Dating a musician
Dating a musician
Beware: He is prone to depression; it’s when he writes “his best stuff.” And making all that racket at the back, on the riser, is the grinning drummer, , descended more recently than the rest of us from apes. Yet he’s always there when you need him, steadily, deftly weaving the band’s rhythm and melody into an impenetrable humming-thumping-humming-thumping musical fabric that—scientifically speaking—you just want to wrap yourself up in. (This commentary is about men because that’s how I roll, but Kim Gordon, Sheryl Crow, Aimee Mann, Suzi Quatro, Kim Deal, Meshell Ndegeocello: respect.) Here’s why the bass player is the best rocker to pluck your strings: • What’s sexier than a man who doesn’t need to be the center of attention — who’s content to sit back and hold a thing together from the bottom up? loonpt (anonymous profile)November 19, 2014 at a.m. Loon, I sympathize with you, but take solace young man, there was a song written about you, long, long ago, and here it is. And how many people out there can play the bassline to "Good Morning Starshine"? Draxor, as for "having no frets", if you can play the bass without frets, you are the s--t, so let those pervs rock 'n' roll. Starshine is letting them know that it's all good. Disclaimer: I am a bass player and completely biased on this topic. ) \m/ you're all wet, dolphin: it's horndogs, at least we said that in the 1880s. However this is so poorly written I had to make an account just to make a comment about it.
And that something is this: “Yes, please.” • Bass players are classy. Expand your timeline and instruments, Starshine - do you have ANY idea what sax or French horn or harmonica musicians can do with their lips and tongues? Starshine may be battling a weigh problem, and rumor has is that clausen is bedridden at over 500 pounds. The night is bitterly cold, and on the way to the gig it starts to sleet and snow.
Think Mc Cartney and Sting—not Flea, who’s a drummer in bass players’ clothing (which apparently is a tube sock). About a mile from the hall the bus slides off an embankment and gets stuck in the snow.
The very fact that you don’t know who played bass for most of the great American bands is testament to the bass player’s humility. The members discuss what to do, and they realize that if they walk, they can still make their starting time. There's normally now the singers and guitarists who 'do a bit of synth' ...

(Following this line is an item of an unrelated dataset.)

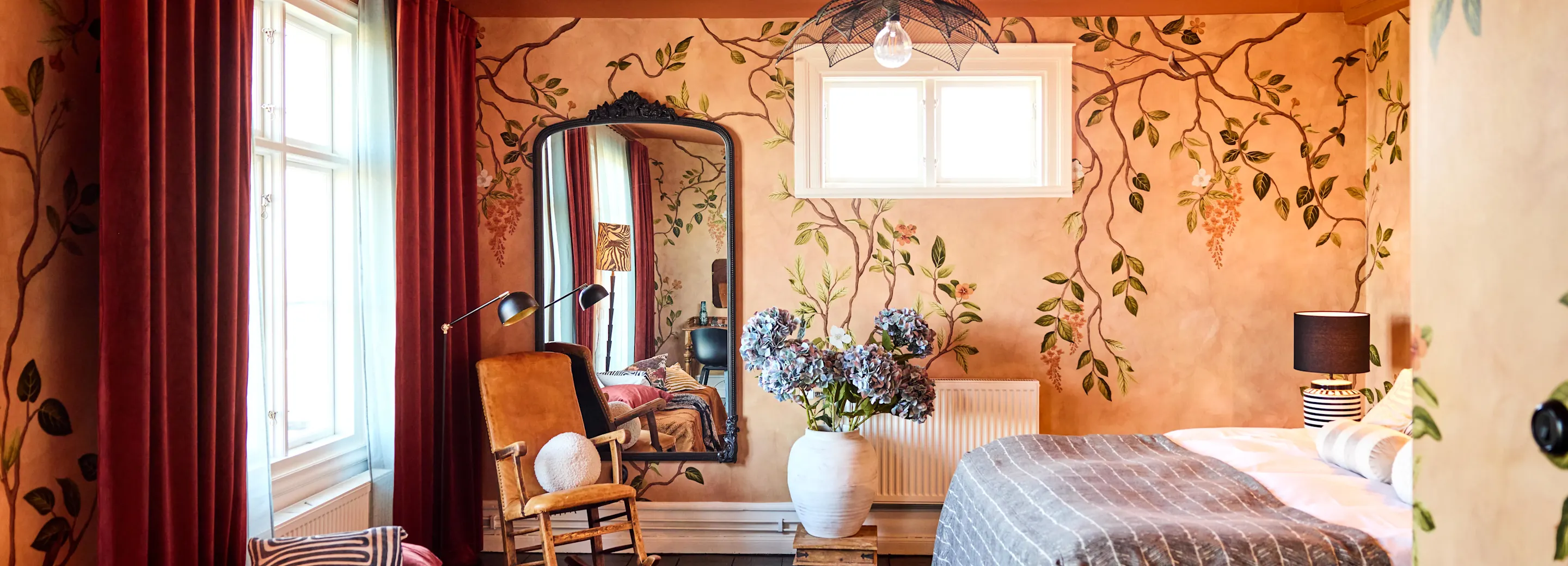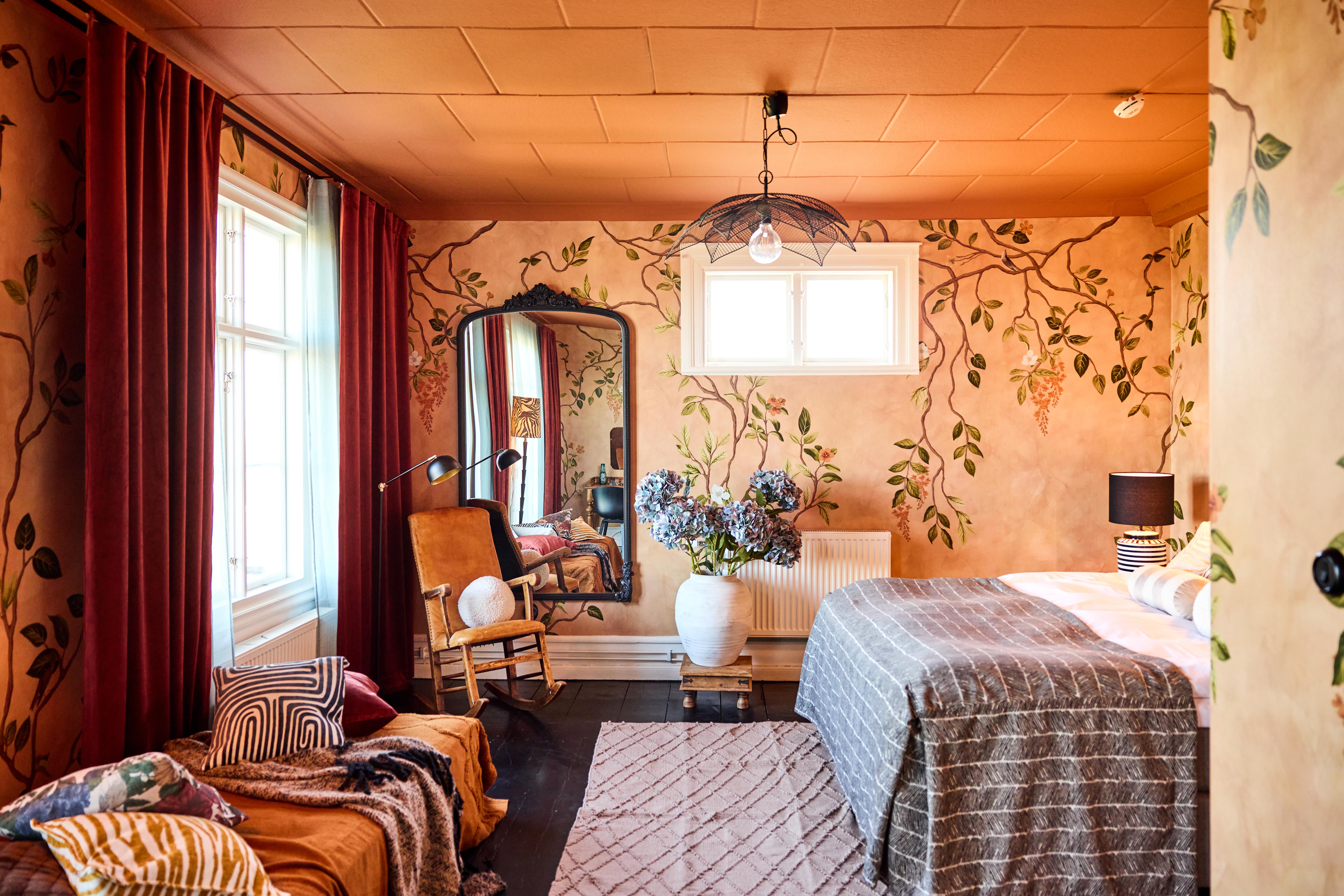 En stämningsfull juniorsvit i Helsingborg med högt i tak och varma färgtoner som ger tidlös elegans; här väntar en stor säng och en inbjudande soffgrupp, i rum hållna i rosa, blå eller mörkgröna nyanser.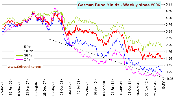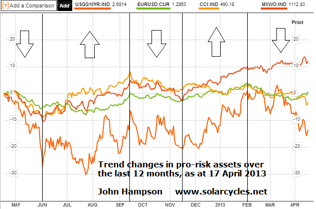 Collectively, these suggest the solar peak is more likely ahead in Fall 2013 than behind us in February 2012. I previously showed that world bond yield and money velocity charts could be bottoming out based on technical action thus far in 2012-2013, and in which case an escalation from here through the solar peak (assuming Fall 2013) would fit well with history. That would also suggest an inflation peak, and a secular commodities peak, lies ahead.

And if modesty doesn’t sound sexy, then wake up just once next to a lead singer — go on, I dare you — and see how quickly “unassuming” becomes music to your ears. So, dressed only in their tuxes and patent leather shoes, they begin slogging through the freezing wind and slush, instruments in hand. and they wonder why most bands can't go on stage without a backing track. Nope, never get any attention until in more intimate surroundings with a piano.
Recorded live at Noise Pop’s Culture Club, Mary Polizzotti revisits the music that brings her back to the story of her first love.
For her, the emotions of that time are inextricably linked to the familiarity of a tune, be it Miles Davis, John Coltrane, or even Dave Matthews, that moved her during her summer of love.
About the Author: Mary Polizzotti is the director of Digital Media at 7×7.com, a San Francisco-based fashion and culture publication.
Song she’s listened to more than any other song: “Take On Me,” by a-ha.
If there were a Pocket Field Guide to Dating Musicians, it would read like this: This species can best be viewed in its natural habitat, under the colored lights of nightclub stages — and in the drier months, anywhere there’s free beer. Take solace, Bass Players, someone appreciates us ! To Indy readers Starshine represents the ideal of the prototypical Santa Barbara housewife.
At the front stands the lead singer, scientific name , a close relative of the peacock. The one standing in the shadows with the quiet intensity and the booming, low-slung bass? You interviewed me once after the Santa Barbara Concerts in the Park ! It bothers people to think of her having a plan B and a bass player.
Don’t look him directly in the eye; he views this as a mating call and will rip his ironic T-shirt right off and begin caressing the mike suggestively if he thinks you’re the slightest bit interested. That, my boyfriend-shopping adventurers, is the extraordinary . Just because you signed a contract at the courthouse doesn't quench the fire within.
, recognized in the wild by his rock-and-roll power stance, practiced indifference, and telltale markings: pants several sizes too small and bits of twine, locks of hair, and other strands of refuse wound round his wrist as boho jewelry. His coat is less showy than the others’, so he often goes unnoticed. And if you’re looking for a band member who can make your soul wail a power ballad, there’s no better choice than a bass player. Trust me pecanpie, I'm doing my share of "derping" on this blog. Women should have plan B's and bass players in their lives. You tell it Starshine, women deserve some satisfaction. One of the best parts of rocking and rolling is the groupies.